Abstract:
A burner for use with an induced draft furnace and which satisfies reduced nitrous oxide (NO x ) emission standards is disclosed. The burner may employ a mechanical swirler that introduces a rotational vector to the emitted air and fuel mixed by the burner. By introducing the rotational vector, the resulting flame is more stable and sustainable even with the relatively low air flow afforded by an induced system. Such flame stability can be enhanced by positioning the burner directly within an inlet to a heat exchanger and manufacturing the inlet with reception surfaces that form a frusto-conically shaped flame expansion zone. In doing so, a secondary source of air is avoided and NO x  emissions are reduced.

Description:
CROSS-REFERENCE TO RELATED APPLICATION 
     This is a non-provisional US patent application, which claims priority under 35 USC §119(e) to U.S. Provisional Patent Application Ser. No. 61/421,974 filed on Dec. 10, 2010. 
    
    
     TECHNICAL FIELD OF THE DISCLOSURE 
     The present disclosure generally relates to gas burners and furnaces and, more particularly, relates to gas burners and furnaces which employ an induced draft. 
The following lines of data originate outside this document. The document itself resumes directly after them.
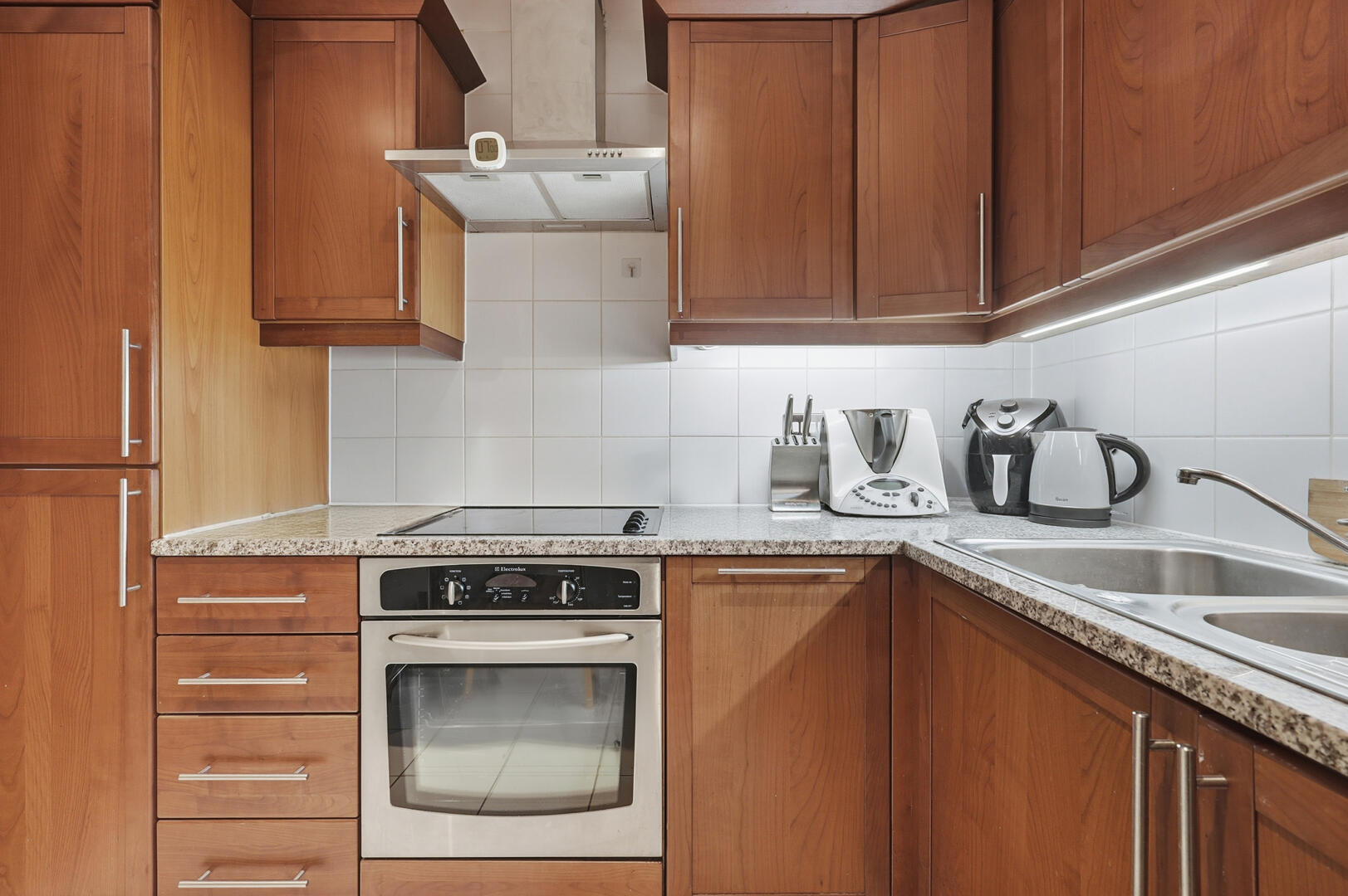 The kitchen is neatly laid out in a compact, efficient design with plentiful wooden cabinetry and a granite-effect work surface. It includes integrated appliances such as an oven, hob, and extractor hood, alongside a stainless-steel sink. The white tiled splashback and floor tiles create a clean and practical area for cooking, with enough space for small appliances and preparation tasks.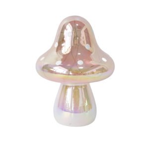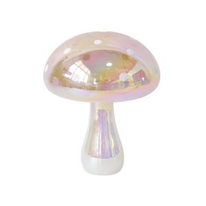 Creative Iridescent Polka Dot Glass Mushroom Ornament – Modern Art Ornaments with White Polka Dots, Dreamy Style Home Decor Glass Sculpture, Ideal Forest-Themed and Desktop Decorative Gift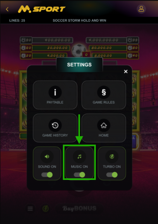 In SETTINGS, MUSIC selection allows you to choose if the game will play background music.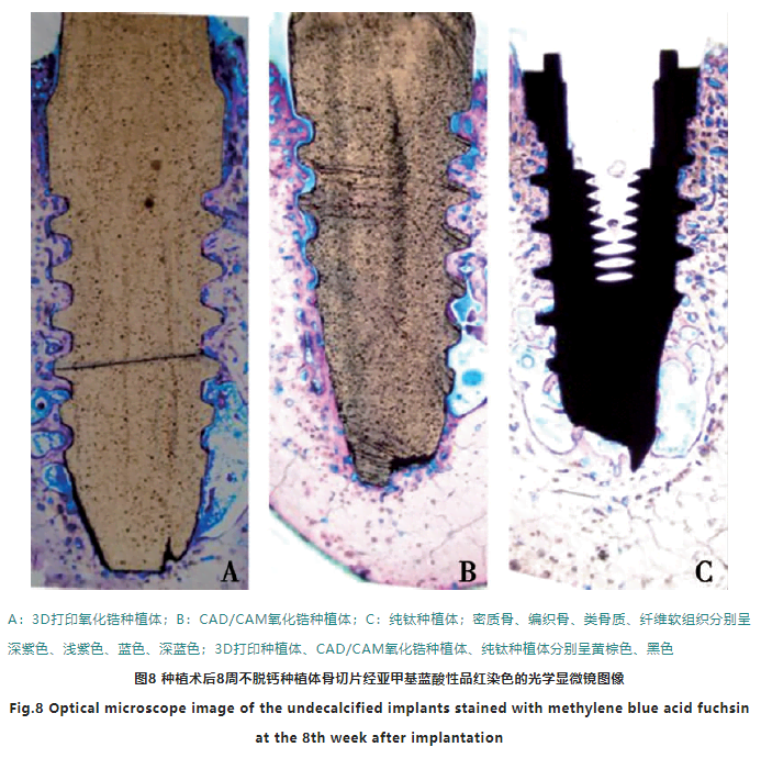 2.4 亞甲基藍(lán)-酸性品紅染色、骨接觸率測(cè)定(圖8)為種植體植入8周后,3D打印氧化鋯種植體、CAD/CAM氧化鋯種植體和純鈦種植體的亞甲基藍(lán)酸性品紅染色圖。亞甲基藍(lán)酸性品紅染色可清晰顯示新舊骨組織邊界和成骨細(xì)胞,便于區(qū)分軟硬組織。圖中可看到紫紅色的是骨小梁,藍(lán)色的是間質(zhì)。新生的編織骨較疏松,染色較深紫色;密質(zhì)骨為淺紫色,骨小梁間的纖維網(wǎng)狀結(jié)構(gòu)為淺藍(lán)色,纖維軟組織呈深藍(lán)色,藍(lán)色為類(lèi)骨質(zhì)。另外,位于螺紋表面可以看到較粗的新生骨小梁。3組種植體不含骨髓腔骨結(jié)合率、含骨髓腔骨結(jié)合率、平均骨接觸率和種植體周?chē)敲芏葦?shù)值如(表1)所示,差異均無(wú)顯著性(P>0.05)。

     BACKGROUND OF THE DISCLOSURE 
     Induced draft gas furnaces are commonly used to generate heat for residential and commercial use. Such furnaces vary in design, but at their core serve the basic function of igniting gas (typically natural gas or propane) and air, and directing the resulting combustion gases to a heat exchanger. The combustion gases are of an elevated temperature and by directing same through serpentine conduits provided as part of the heat exchanger, air to be heated can then be directed across the heat exchanger to extract heat from the heat exchanger. A blower motor provided as part of the furnace can be used to create the air flow across the outside surface of the heat exchanger. The heated air then exits the furnace and by way of ductwork is communicated to the rooms or space needing to be heated. 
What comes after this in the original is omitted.